▶ [Exercise instructions]
What lines below include the word "nasal"? Copy each one.
*** Records for the exercise
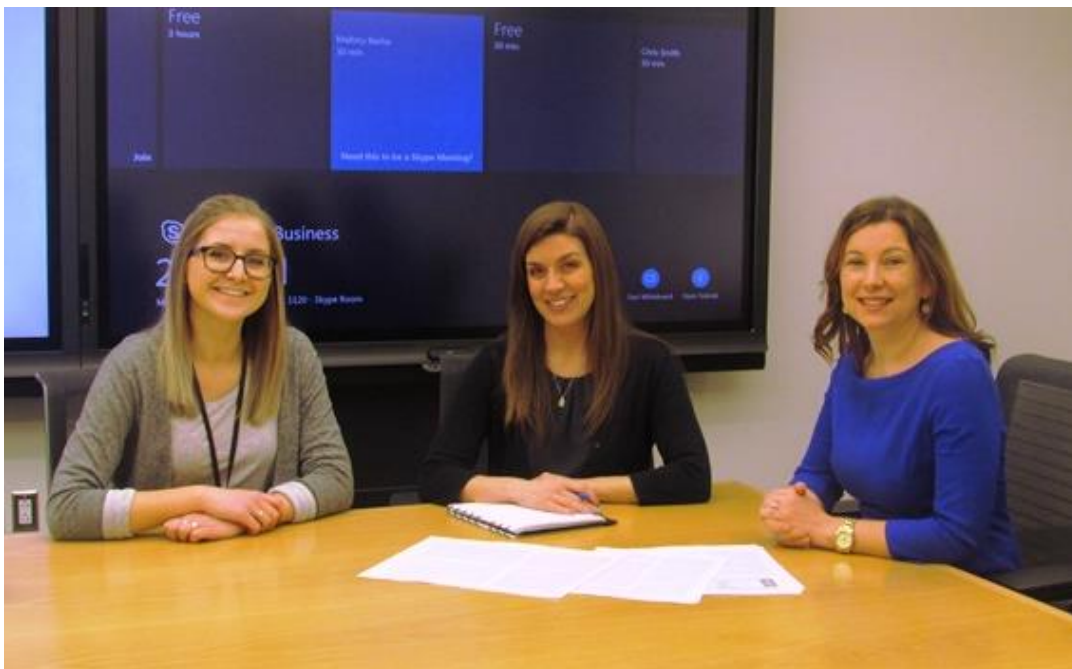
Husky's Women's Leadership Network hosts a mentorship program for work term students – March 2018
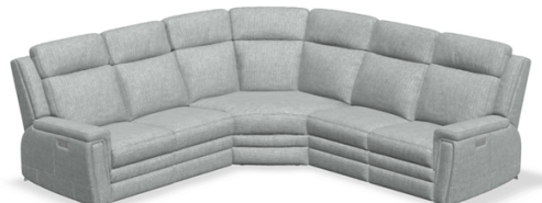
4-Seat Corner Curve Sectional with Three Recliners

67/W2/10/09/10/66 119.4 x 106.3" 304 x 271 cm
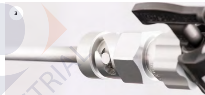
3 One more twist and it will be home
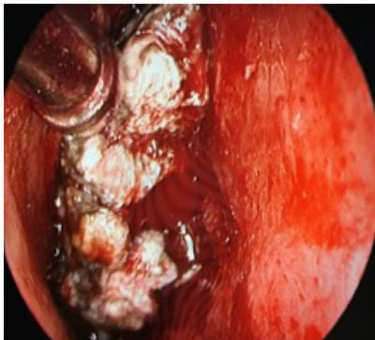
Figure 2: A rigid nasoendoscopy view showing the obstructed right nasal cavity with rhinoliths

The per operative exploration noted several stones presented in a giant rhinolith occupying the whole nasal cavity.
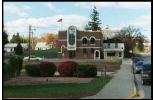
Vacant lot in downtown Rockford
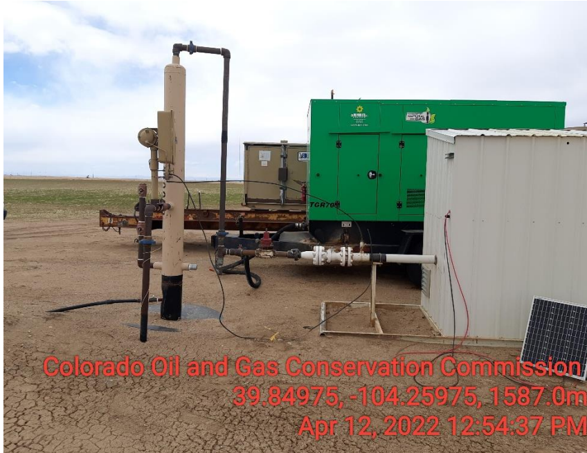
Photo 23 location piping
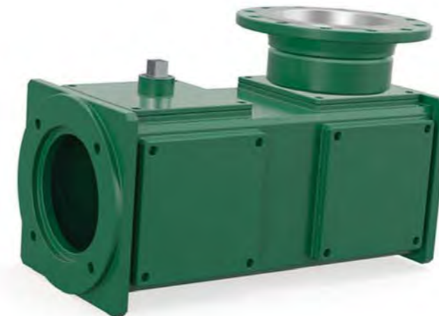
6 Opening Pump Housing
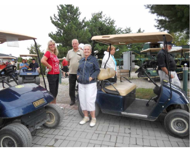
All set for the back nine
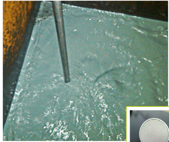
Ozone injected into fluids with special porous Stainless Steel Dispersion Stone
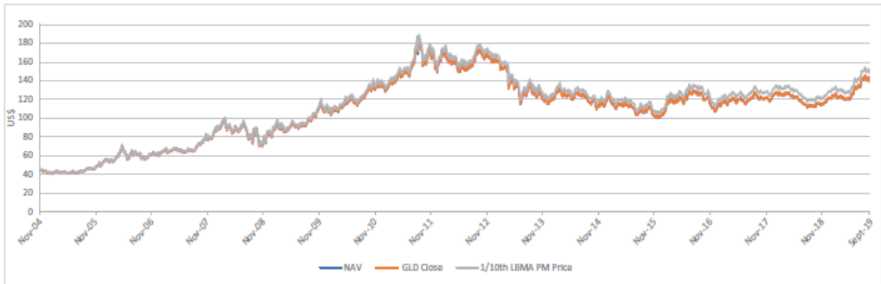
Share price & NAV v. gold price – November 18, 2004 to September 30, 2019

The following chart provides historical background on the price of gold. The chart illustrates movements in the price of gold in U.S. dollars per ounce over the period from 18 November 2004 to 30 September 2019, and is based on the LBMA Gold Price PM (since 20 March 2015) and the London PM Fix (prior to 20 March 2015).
******
▶ [Written response]
Figure 2: A rigid nasoendoscopy view showing the obstructed right nasal cavity with rhinoliths
The per operative exploration noted several stones presented in a giant rhinolith occupying the whole nasal cavity.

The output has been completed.